Countdown to Hawaii Fitness Series: Week 1

Hey guys, today I am bringing you an exciting post, which will be the first in a series of fitness posts leading up to my trip to Oahu next month. If you follow me on social media, you’ll know I haven’t shut up about this trip. Oahu is one of my favourite places on the planet and I am super excited to be going back, even more so because this time I’ll be bringing my boyfriend and we have a ton of adventures planned!

Since fitness and health are one of the major pillars of this website, I figured I’d share with you guys how I’m turning up the intensity on my workouts and diet in order to get beach ready for Hawaii.

This will be a weekly series, with a post going up at the end of each week for 6 weeks, leading up to my departure date.

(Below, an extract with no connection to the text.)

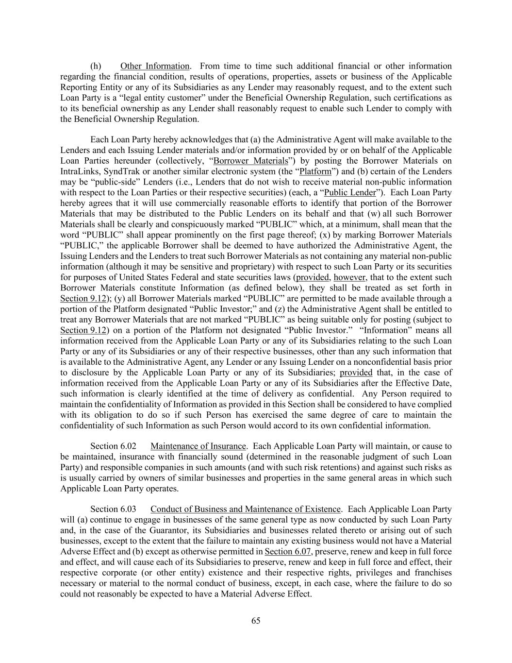 65 (h) Other Information. From time to time such additional financial or other information regarding the financial condition, results of operations, properties, assets or business of the Applicable Reporting Entity or any of its Subsidiaries as any Lender may reasonably request, and to the extent such Loan Party is a “legal entity customer” under the Beneficial Ownership Regulation, such certifications as to its beneficial ownership as any Lender shall reasonably request to enable such Lender to comply with the Beneficial Ownership Regulation. Each Loan Party hereby acknowledges that (a) the Administrative Agent will make available to the Lenders and each Issuing Lender materials and/or information provided by or on behalf of the Applicable Loan Parties hereunder (collectively, “Borrower Materials”) by posting the Borrower Materials on IntraLinks, SyndTrak or another similar electronic system (the “Platform”) and (b) certain of the Lenders may be “public-side” Lenders (i.e., Lenders that do not wish to receive material non-public information with respect to the Loan Parties or their respective securities) (each, a “Public Lender”). Each Loan Party hereby agrees that it will use commercially reasonable efforts to identify that portion of the Borrower Materials that may be distributed to the Public Lenders on its behalf and that (w) all such Borrower Materials shall be clearly and conspicuously marked “PUBLIC” which, at a minimum, shall mean that the word “PUBLIC” shall appear prominently on the first page thereof; (x) by marking Borrower Materials “PUBLIC,” the applicable Borrower shall be deemed to have authorized the Administrative Agent, the Issuing Lenders and the Lenders to treat such Borrower Materials as not containing any material non-public information (although it may be sensitive and proprietary) with respect to such Loan Party or its securities for purposes of United States Federal and state securities laws (provided, however, that to the extent such Borrower Materials constitute Information (as defined below), they shall be treated as set forth in Section 9.12); (y) all Borrower Materials marked “PUBLIC” are permitted to be made available through a portion of the Platform designated “Public Investor;” and (z) the Administrative Agent shall be entitled to treat any Borrower Materials that are not marked “PUBLIC” as being suitable only for posting (subject to Section 9.12) on a portion of the Platform not designated “Public Investor.” “Information” means all information received from the Applicable Loan Party or any of its Subsidiaries relating to the such Loan Party or any of its Subsidiaries or any of their respective businesses, other than any such information that is available to the Administrative Agent, any Lender or any Issuing Lender on a nonconfidential basis prior to disclosure by the Applicable Loan Party or any of its Subsidiaries; provided that, in the case of information received from the Applicable Loan Party or any of its Subsidiaries after the Effective Date, such information is clearly identified at the time of delivery as confidential. Any Person required to maintain the confidentiality of Information as provided in this Section shall be considered to have complied with its obligation to do so if such Person has exercised the same degree of care to maintain the confidentiality of such Information as such Person would accord to its own confidential information. Section 6.02 Maintenance of Insurance. Each Applicable Loan Party will maintain, or cause to be maintained, insurance with financially sound (determined in the reasonable judgment of such Loan Party) and responsible companies in such amounts (and with such risk retentions) and against such risks as is usually carried by owners of similar businesses and properties in the same general areas in which such Applicable Loan Party operates. Section 6.03 Conduct of Business and Maintenance of Existence. Each Applicable Loan Party will (a) continue to engage in businesses of the same general type as now conducted by such Loan Party and, in the case of the Guarantor, its Subsidiaries and businesses related thereto or arising out of such businesses, except to the extent that the failure to maintain any existing business would not have a Material Adverse Effect and (b) except as otherwise permitted in Section 6.07, preserve, renew and keep in full force and effect, and will cause each of its Subsidiaries to preserve, renew and keep in full force and effect, their respective corporate (or other entity) existence and their respective rights, privileges and franchises necessary or material to the normal conduct of business, except, in each case, where the failure to do so could not reasonably be expected to have a Material Adverse Effect.

I’ll be recapping my week of workouts and diet, and give you an exclusive look into my full days of eating and be sharing some of my workouts with you as well. I’m hoping that this series will not only help to keep me accountable, but to give you guys that extra push you need in the gym!

Since this is week one, I’ve decided to include my starting progress photos and stats as well. This was the first time I’ve stepped on a scale in months and I was surprised at the results. The past few months I’ve been focusing on getting back into a routine and training more like a functional athlete. Before I was focusing a lot on big lifts and hitting squat, deadlift, and shoulder press PR’s, which was great, but I wasn’t really performing like an elite athlete when it came to sports. I sure looked good, but I wasn’t performing my best.

Photo 2016-06-08, 15 53 54

Weight: 161 lbs
Body Fat: 23.7%

So, for the next 6 weeks I’ve decided to put away my lifting shoes and really change up my routine and get back to training like an elite athlete. That means conditioning. A lot of it.

Up until this point I haven’t been doing much cardio aside from swimming or rowing. Now I’ll be incorporating high intensity circuit training, more rowing, stairmaster drills, and most exciting: Kickboxing.

This past week was week one of the six week countdown series and here’s what my workout schedule looked like:

Monday- Kickboxing
Tuesday- Full Body Barbell Circuit
Wednesday- Conditioning Circuit + Ab Circuit
Thursday- Conditioning Circuit
Friday- Heavy Leg Day + Stairmaster Drills
Saturday- Conditioning Circuit

(I usually play Baseball on Sunday’s, so I count it as my active rest day. If I’m feeling really ambitious I might also go for a short run on Sunday’s as well.)

My workout schedule is never set in stone. What I do this week isn’t necessarily what I’ll do next week. I do make a plan usually at the beginning of every week, but life gets hectic and things do sometimes get moved around. I try not to fret about it too much though; as long as I’m sweating and moving six days a week I’m happy!

Now let’s talk about these insane circuits I’ve incorporated. Circuit training is quickly becoming my favourite way to train. It allows me to still maintain my muscle while training my cardiovascular system. Circuit training is also nice because when you’re working with free weights you don’t have the added help some machines in the gym will give you; so it really is all a test of your own strength!

Today I’m going to share with you the full body barbell circuit I did this week.

Full Body Barbell Circuit

For this circuit you’re going to need a barbell (duh) and an open area in your gym. Now you can either use the traditional barbells from the squat rack, or the ones with pre-determined weight; it all depends on how much weight you’re planning to use. Keep in mind you’ll be doing a variety of moves here. Some will be upper body and some lower body, so you need to plan the weight according to your weakest muscle group. While you may be able to squat 95 pounds, if you can’t shoulder press it, you need to drop the weight. Don’t worry, you’ll still be getting a great workout and I promise by the end of it all of your muscles will be exhausted.

You can also do the timing one of two ways. Either decide on a number of rounds to complete before you start and rest in between (so for example I decided to complete 5 rounds of this workout, resting for 1-2 minutes in between each round), or you can choose a time limit and try to get as many rounds as you can in that allotted time limit.

The rep range is also up to you. I went for 10 reps of each exercise. Just remember it is a circuit, so you’ll be doing the moves back to back, so make sure you can maintain a rep ranges consistently across all the moves.


I’m going to end off today’s post with a peak into what a day of eating looks like for me. Now I’d like to point out that before I started this 6 week plan for Hawaii, I was not counting calories or tracking macros. I was simply listening to my body and eating when I was hungry. If I had to guess I’d say I was eating around 2,500 calories a day. I used IIFYM to calculate rough “cutting” macros for myself based on 60% carbohydrates, 30% protein, and 10% fat. Now you’ll see in this log from My Fitness Pal, that it’s been difficult for me to hit these macros. I find myself consistently over my carbohydrates and fat, while being low in my protein. My goal over the next six weeks is to reduce my fat intake and up my protein, as for the carbs I’m not too concerned with them.